- Saya Kisaragi, as illustrated by CLAMP
- Created by: Production I.G and CLAMP
- Based on: Saya (Blood: The Last Vampire) by Production I.G
- Adapted by: Junichi Fujisaku; Nanase Ohkawa;
- Designed by: CLAMP
- Portrayed by: Kanon Miyahara
- Voiced by: Nana Mizuki (Japanese); Alexis Tipton (English);

In-universe information
- Species: Elder Bairn
- Gender: Female
- Weapon: Katana
- Family: Tadayoshi Kisaragi (adoptive father)
- Nationality: Japanese

= Saya Kisaragi =

Fictional character from the Blood-C anime television series

Saya Kisaragi (更衣 小夜, Kisaragi Saya) is the main protagonist of the Blood-C anime television series co-created by studio Production I.G and manga artist group CLAMP. Saya Kisaragi is first portrayed by her false life as an innocent and clumsy girl who acts as a shrine maiden at her father's shrine, going out at night to hunt Elder Bairns as part of sworn duty. In reality, she is an Elder Bairn who was raised by humans, and her personality is very stone cold and stoic.
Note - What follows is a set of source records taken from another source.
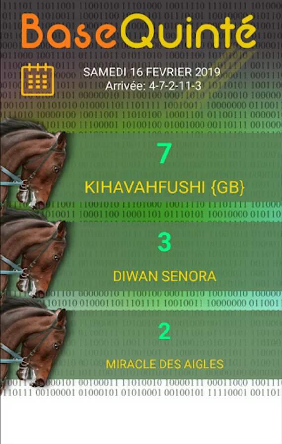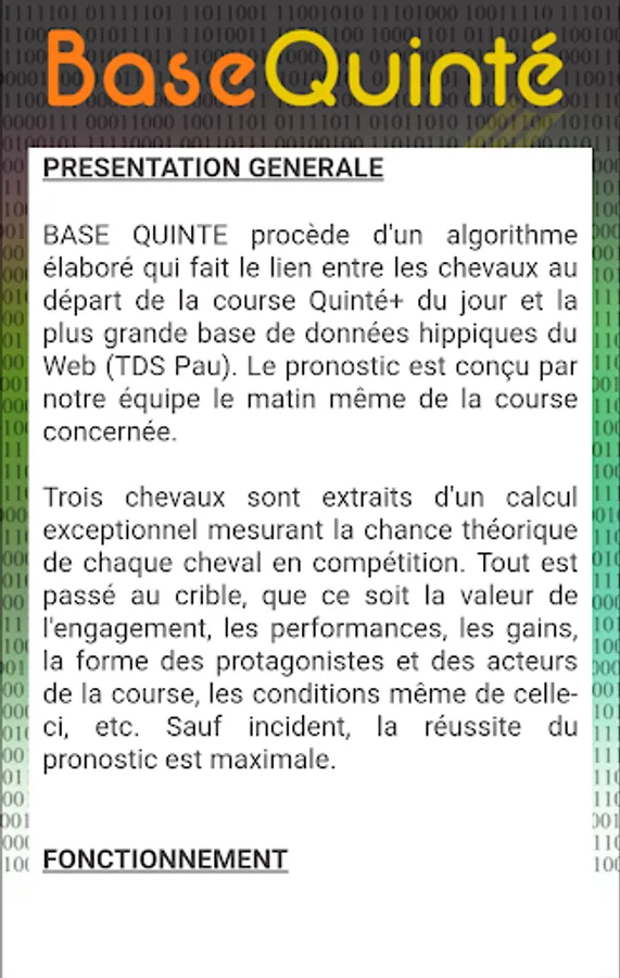 BASE QUINTE regularly displays convincing and profitable results for those who use the prognosis to develop their bets. The application is completely free. An advertisement appears at the opening of the prognosis but is not repeated.
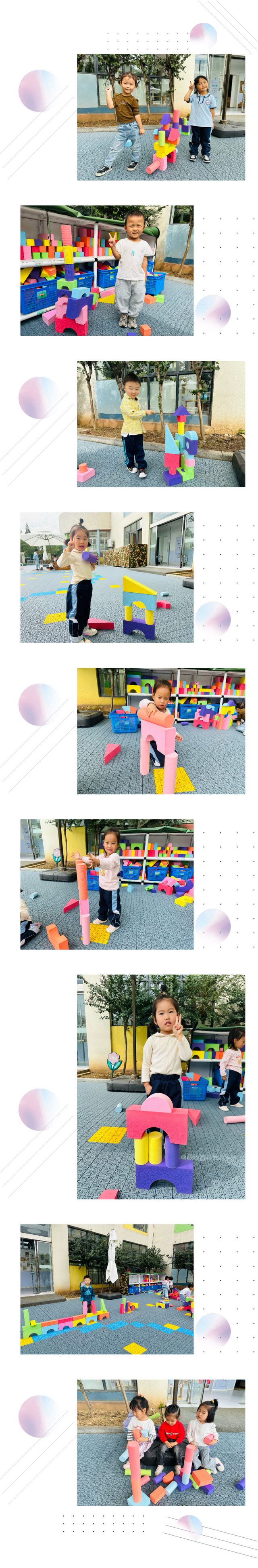 多彩软体积木有着多样的形状,看看小二班宝贝们的创意拼搭吧。
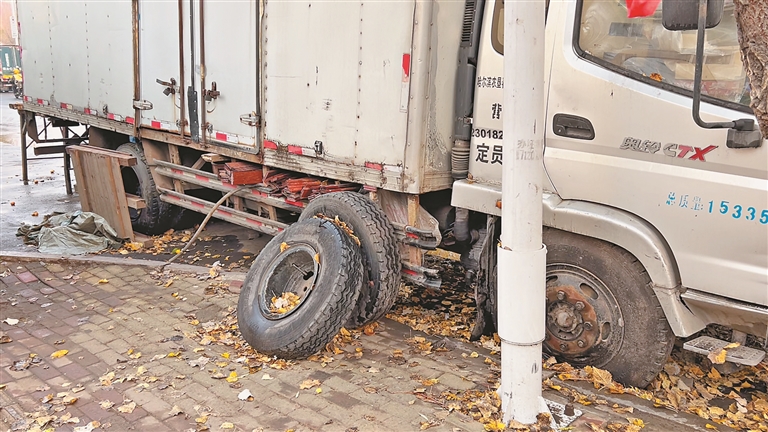 12时许,记者又随交警哈西大队民警来到新苗圃街看到,有两辆大型箱式货车停在路边。

Besides the anime series and the 2012 sequel anime film, Blood-C: The Last Dark, Saya Kisaragi made appearances in multiple related adaptations within the Blood-C universe.

Saya Kisaragi was designed by manga artist group CLAMP, who changed Saya's character overall from previous incarnations of the Blood franchise, with her last name being "Kisaragi" and not "Otonashi", and an appearance of a (眼鏡っ娘, meganekko). Director Tsutomu Mizushima, CLAMP's leader and series' lead writer Nanase Ohkawa handled her character with series supervisor Junichi Fujisaku. Saya Kisaragi is voiced by Nana Mizuki, and Alexis Tipton voices her in the English dub. Kanon Miyahara portrays her for the live-action appearances.

==Creation and design==
When designing Saya Kisaragi for the anime series, director Tsutomu Mizushima wanted Saya to be portrayed as a gentle character and something different from previous incarnations of Saya in the Blood franchise. The only character trait that they kept for Saya Kisaragi was her name, and a katana (Note: Named the Sacred Sword (御神刀, Goshintō)) that she uses to defeat monsters, while the latter was changed: Her last name was "Kisaragi" opposed to "Otonashi", and physical appearance of a (眼鏡っ娘, meganekko) with CLAMP's unique character designs. This was due to series supervisor Junichi Fujisaku wanting the viewers to distinguish the portrayal of this version and previous incarnations of Saya.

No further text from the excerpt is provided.